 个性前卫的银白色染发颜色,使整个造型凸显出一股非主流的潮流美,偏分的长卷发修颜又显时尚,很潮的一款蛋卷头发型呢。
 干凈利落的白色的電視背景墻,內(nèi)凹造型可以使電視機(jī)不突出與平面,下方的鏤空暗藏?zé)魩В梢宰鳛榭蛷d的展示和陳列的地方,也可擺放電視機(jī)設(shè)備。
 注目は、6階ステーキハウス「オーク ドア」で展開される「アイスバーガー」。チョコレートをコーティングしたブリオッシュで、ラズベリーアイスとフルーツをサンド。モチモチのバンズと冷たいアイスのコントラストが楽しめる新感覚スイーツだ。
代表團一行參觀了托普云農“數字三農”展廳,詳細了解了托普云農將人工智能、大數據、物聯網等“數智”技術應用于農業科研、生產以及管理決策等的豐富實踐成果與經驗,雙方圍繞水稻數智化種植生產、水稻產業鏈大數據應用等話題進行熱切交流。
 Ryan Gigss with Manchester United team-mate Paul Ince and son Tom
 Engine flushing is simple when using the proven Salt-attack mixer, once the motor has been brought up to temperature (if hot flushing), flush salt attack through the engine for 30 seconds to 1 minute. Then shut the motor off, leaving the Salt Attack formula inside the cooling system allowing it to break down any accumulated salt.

* * *

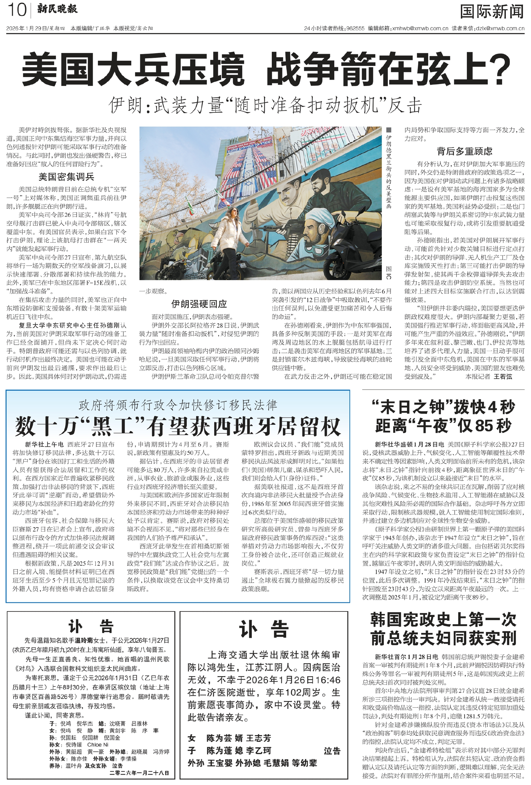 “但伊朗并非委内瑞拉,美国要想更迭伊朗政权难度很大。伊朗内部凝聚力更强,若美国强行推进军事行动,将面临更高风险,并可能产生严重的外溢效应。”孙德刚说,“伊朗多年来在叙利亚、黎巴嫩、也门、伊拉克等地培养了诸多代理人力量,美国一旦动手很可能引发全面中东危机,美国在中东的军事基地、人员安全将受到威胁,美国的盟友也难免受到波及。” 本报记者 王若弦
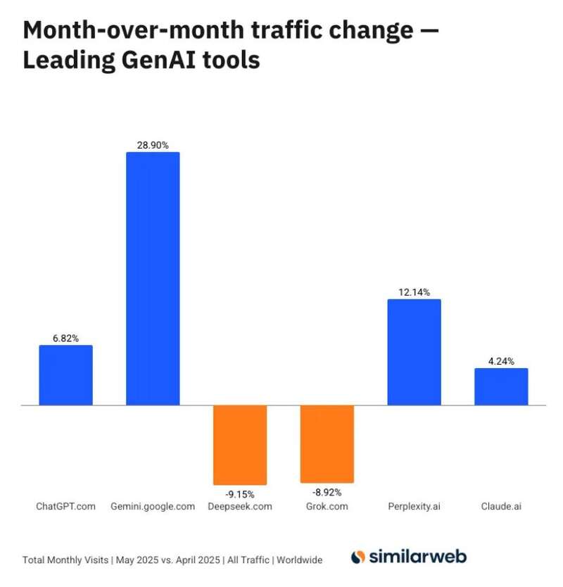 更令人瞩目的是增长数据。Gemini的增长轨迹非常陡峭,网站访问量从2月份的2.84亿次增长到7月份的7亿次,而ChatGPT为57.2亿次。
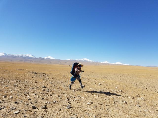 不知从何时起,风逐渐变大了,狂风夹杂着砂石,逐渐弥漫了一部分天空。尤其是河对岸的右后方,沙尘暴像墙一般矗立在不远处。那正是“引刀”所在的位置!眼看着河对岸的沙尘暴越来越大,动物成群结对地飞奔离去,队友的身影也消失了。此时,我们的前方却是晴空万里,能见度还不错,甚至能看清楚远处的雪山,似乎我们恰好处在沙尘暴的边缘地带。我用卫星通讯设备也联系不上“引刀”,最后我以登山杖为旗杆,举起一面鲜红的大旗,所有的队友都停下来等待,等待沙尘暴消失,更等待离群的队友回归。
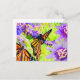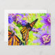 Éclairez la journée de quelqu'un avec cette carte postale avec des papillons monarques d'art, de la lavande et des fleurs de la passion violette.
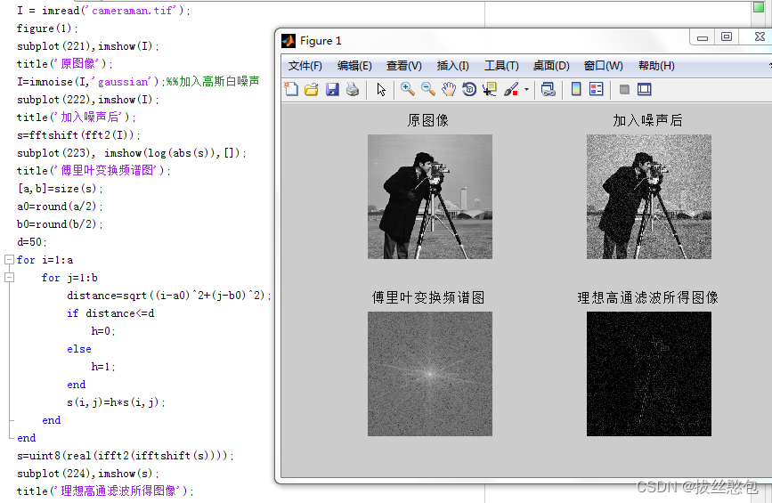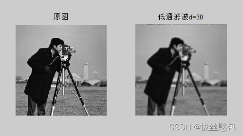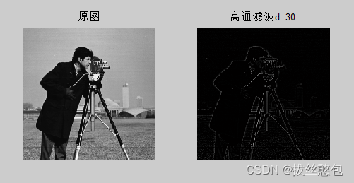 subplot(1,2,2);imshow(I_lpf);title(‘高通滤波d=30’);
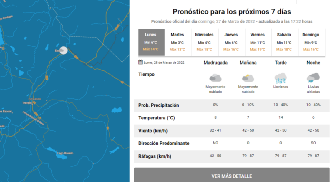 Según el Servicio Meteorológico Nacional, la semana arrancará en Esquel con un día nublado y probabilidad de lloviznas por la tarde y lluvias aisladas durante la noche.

--

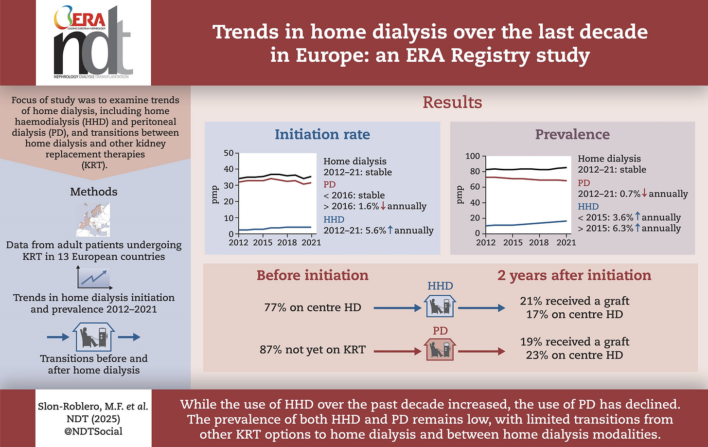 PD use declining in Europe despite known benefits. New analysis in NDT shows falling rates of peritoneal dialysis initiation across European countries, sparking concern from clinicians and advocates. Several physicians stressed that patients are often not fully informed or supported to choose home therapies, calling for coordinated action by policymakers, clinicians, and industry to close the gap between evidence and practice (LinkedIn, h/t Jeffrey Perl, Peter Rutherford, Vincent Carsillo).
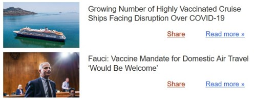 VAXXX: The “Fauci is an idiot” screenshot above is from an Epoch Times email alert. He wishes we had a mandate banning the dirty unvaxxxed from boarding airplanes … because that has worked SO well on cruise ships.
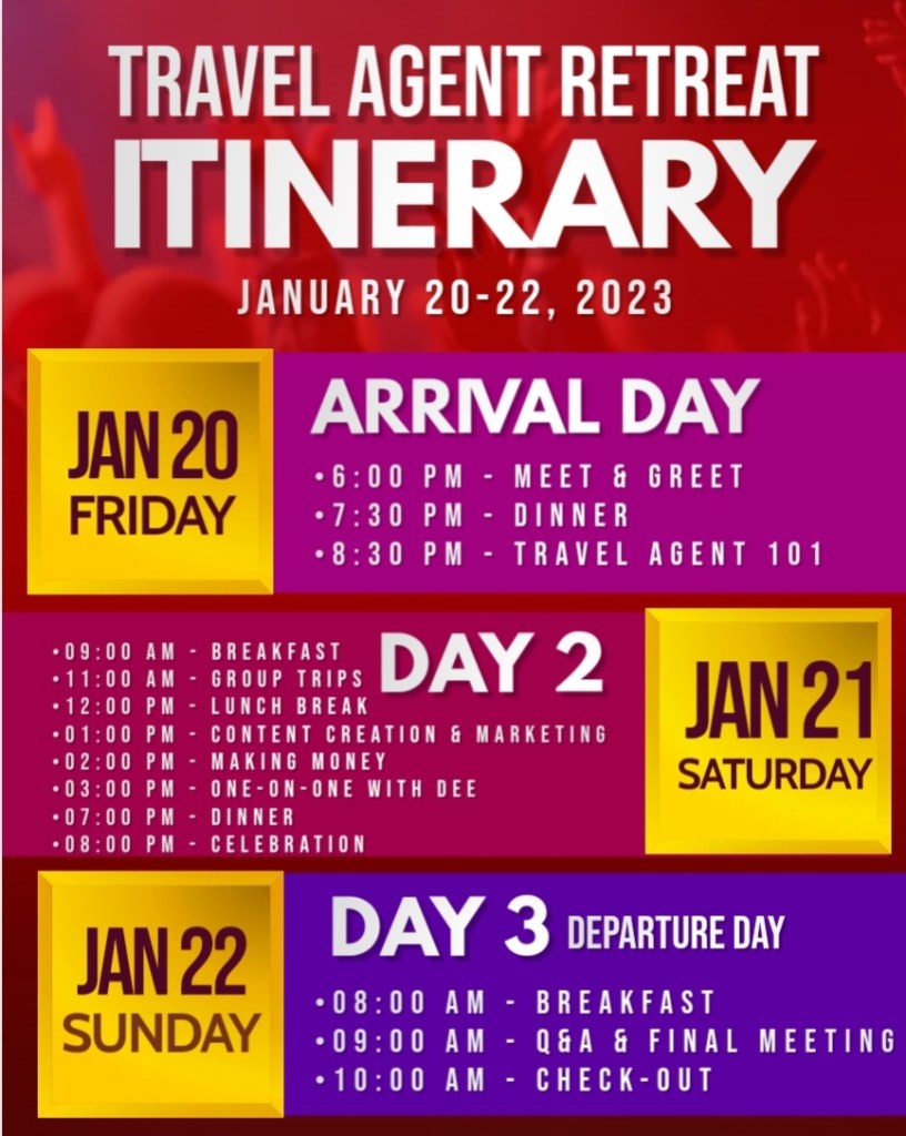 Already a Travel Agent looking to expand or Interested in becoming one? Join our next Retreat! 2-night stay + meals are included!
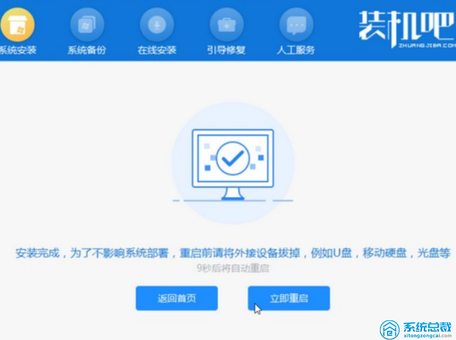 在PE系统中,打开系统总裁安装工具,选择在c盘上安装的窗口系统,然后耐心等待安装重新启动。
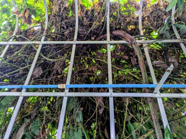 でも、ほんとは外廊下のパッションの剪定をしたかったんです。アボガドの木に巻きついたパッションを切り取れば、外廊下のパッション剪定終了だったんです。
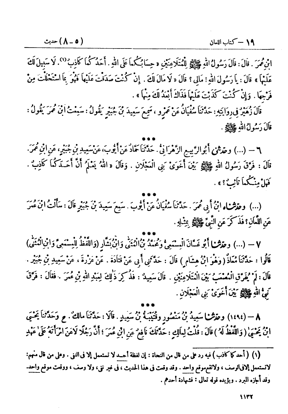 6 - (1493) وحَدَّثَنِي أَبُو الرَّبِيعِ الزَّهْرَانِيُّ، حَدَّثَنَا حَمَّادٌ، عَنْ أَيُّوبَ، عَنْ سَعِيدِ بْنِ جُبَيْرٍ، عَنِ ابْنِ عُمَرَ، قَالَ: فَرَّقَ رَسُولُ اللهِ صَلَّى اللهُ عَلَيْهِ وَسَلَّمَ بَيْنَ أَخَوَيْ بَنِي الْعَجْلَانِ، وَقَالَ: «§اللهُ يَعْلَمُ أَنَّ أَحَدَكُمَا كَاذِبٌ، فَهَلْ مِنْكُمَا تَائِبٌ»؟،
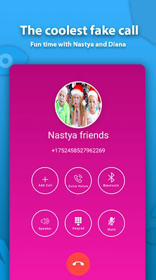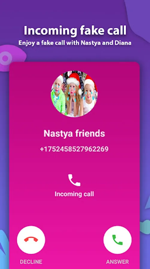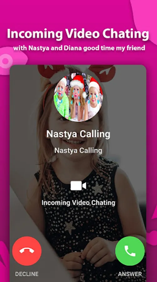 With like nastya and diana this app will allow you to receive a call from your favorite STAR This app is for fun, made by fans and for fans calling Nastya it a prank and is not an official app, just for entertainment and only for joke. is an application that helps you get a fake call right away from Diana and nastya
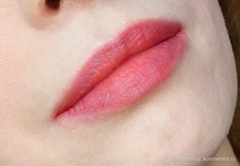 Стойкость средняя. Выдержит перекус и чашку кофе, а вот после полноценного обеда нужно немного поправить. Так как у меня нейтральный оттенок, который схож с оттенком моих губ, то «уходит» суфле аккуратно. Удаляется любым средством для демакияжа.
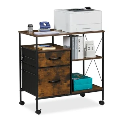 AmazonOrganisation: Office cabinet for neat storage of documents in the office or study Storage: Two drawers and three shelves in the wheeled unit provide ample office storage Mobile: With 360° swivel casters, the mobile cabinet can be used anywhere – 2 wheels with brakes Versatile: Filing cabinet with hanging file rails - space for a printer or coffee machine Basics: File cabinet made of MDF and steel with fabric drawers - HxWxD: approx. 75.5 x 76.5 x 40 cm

§ Work instructions: Copy only these lines from the records above, exactly: the one with "PD use declining", the one with "6 - (1493) وحَدَّثَنِي", and those between. Skip the pictures.

§ Task answer:
 PD use declining in Europe despite known benefits. New analysis in NDT shows falling rates of peritoneal dialysis initiation across European countries, sparking concern from clinicians and advocates. Several physicians stressed that patients are often not fully informed or supported to choose home therapies, calling for coordinated action by policymakers, clinicians, and industry to close the gap between evidence and practice (LinkedIn, h/t Jeffrey Perl, Peter Rutherford, Vincent Carsillo).
 VAXXX: The “Fauci is an idiot” screenshot above is from an Epoch Times email alert. He wishes we had a mandate banning the dirty unvaxxxed from boarding airplanes … because that has worked SO well on cruise ships.
 Already a Travel Agent looking to expand or Interested in becoming one? Join our next Retreat! 2-night stay + meals are included!
 在PE系统中,打开系统总裁安装工具,选择在c盘上安装的窗口系统,然后耐心等待安装重新启动。
 でも、ほんとは外廊下のパッションの剪定をしたかったんです。アボガドの木に巻きついたパッションを切り取れば、外廊下のパッション剪定終了だったんです。
 6 - (1493) وحَدَّثَنِي أَبُو الرَّبِيعِ الزَّهْرَانِيُّ، حَدَّثَنَا حَمَّادٌ، عَنْ أَيُّوبَ، عَنْ سَعِيدِ بْنِ جُبَيْرٍ، عَنِ ابْنِ عُمَرَ، قَالَ: فَرَّقَ رَسُولُ اللهِ صَلَّى اللهُ عَلَيْهِ وَسَلَّمَ بَيْنَ أَخَوَيْ بَنِي الْعَجْلَانِ، وَقَالَ: «§اللهُ يَعْلَمُ أَنَّ أَحَدَكُمَا كَاذِبٌ، فَهَلْ مِنْكُمَا تَائِبٌ»؟،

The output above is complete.